Items from a data source
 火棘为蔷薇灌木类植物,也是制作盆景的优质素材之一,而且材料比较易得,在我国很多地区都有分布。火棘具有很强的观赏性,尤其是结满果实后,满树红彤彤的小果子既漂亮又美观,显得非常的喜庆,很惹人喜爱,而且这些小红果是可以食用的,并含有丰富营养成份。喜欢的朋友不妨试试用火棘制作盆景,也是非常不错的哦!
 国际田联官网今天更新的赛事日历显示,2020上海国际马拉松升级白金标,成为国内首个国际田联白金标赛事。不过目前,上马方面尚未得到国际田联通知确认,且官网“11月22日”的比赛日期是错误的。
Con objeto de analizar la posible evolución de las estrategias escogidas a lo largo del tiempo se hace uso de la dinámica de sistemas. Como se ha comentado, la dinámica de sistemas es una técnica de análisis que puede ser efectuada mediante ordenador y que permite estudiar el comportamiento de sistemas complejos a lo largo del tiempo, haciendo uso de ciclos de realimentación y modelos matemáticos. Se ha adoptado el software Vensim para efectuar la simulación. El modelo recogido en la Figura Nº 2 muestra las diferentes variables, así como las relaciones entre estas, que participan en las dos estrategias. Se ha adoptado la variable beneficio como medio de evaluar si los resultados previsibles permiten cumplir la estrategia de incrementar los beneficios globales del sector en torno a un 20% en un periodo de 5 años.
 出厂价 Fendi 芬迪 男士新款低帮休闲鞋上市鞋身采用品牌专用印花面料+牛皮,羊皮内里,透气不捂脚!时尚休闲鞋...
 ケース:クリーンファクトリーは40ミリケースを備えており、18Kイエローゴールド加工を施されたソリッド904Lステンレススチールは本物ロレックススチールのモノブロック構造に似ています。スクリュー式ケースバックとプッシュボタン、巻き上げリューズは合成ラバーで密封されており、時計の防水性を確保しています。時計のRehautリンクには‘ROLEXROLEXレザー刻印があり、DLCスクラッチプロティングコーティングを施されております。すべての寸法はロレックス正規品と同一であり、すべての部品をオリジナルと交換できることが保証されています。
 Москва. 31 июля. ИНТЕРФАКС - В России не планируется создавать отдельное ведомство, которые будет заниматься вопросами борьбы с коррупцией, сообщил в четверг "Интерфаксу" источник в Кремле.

* [YOUR TASK] Give the entries once more, exactly as they appear.

* [YOUR SOLUTION]
 火棘为蔷薇灌木类植物,也是制作盆景的优质素材之一,而且材料比较易得,在我国很多地区都有分布。火棘具有很强的观赏性,尤其是结满果实后,满树红彤彤的小果子既漂亮又美观,显得非常的喜庆,很惹人喜爱,而且这些小红果是可以食用的,并含有丰富营养成份。喜欢的朋友不妨试试用火棘制作盆景,也是非常不错的哦!
 国际田联官网今天更新的赛事日历显示,2020上海国际马拉松升级白金标,成为国内首个国际田联白金标赛事。不过目前,上马方面尚未得到国际田联通知确认,且官网“11月22日”的比赛日期是错误的。
Con objeto de analizar la posible evolución de las estrategias escogidas a lo largo del tiempo se hace uso de la dinámica de sistemas. Como se ha comentado, la dinámica de sistemas es una técnica de análisis que puede ser efectuada mediante ordenador y que permite estudiar el comportamiento de sistemas complejos a lo largo del tiempo, haciendo uso de ciclos de realimentación y modelos matemáticos. Se ha adoptado el software Vensim para efectuar la simulación. El modelo recogido en la Figura Nº 2 muestra las diferentes variables, así como las relaciones entre estas, que participan en las dos estrategias. Se ha adoptado la variable beneficio como medio de evaluar si los resultados previsibles permiten cumplir la estrategia de incrementar los beneficios globales del sector en torno a un 20% en un periodo de 5 años.
 出厂价 Fendi 芬迪 男士新款低帮休闲鞋上市鞋身采用品牌专用印花面料+牛皮,羊皮内里,透气不捂脚!时尚休闲鞋...
 ケース:クリーンファクトリーは40ミリケースを備えており、18Kイエローゴールド加工を施されたソリッド904Lステンレススチールは本物ロレックススチールのモノブロック構造に似ています。スクリュー式ケースバックとプッシュボタン、巻き上げリューズは合成ラバーで密封されており、時計の防水性を確保しています。時計のRehautリンクには‘ROLEXROLEXレザー刻印があり、DLCスクラッチプロティングコーティングを施されております。すべての寸法はロレックス正規品と同一であり、すべての部品をオリジナルと交換できることが保証されています。
 Москва. 31 июля. ИНТЕРФАКС - В России не планируется создавать отдельное ведомство, которые будет заниматься вопросами борьбы с коррупцией, сообщил в четверг "Интерфаксу" источник в Кремле.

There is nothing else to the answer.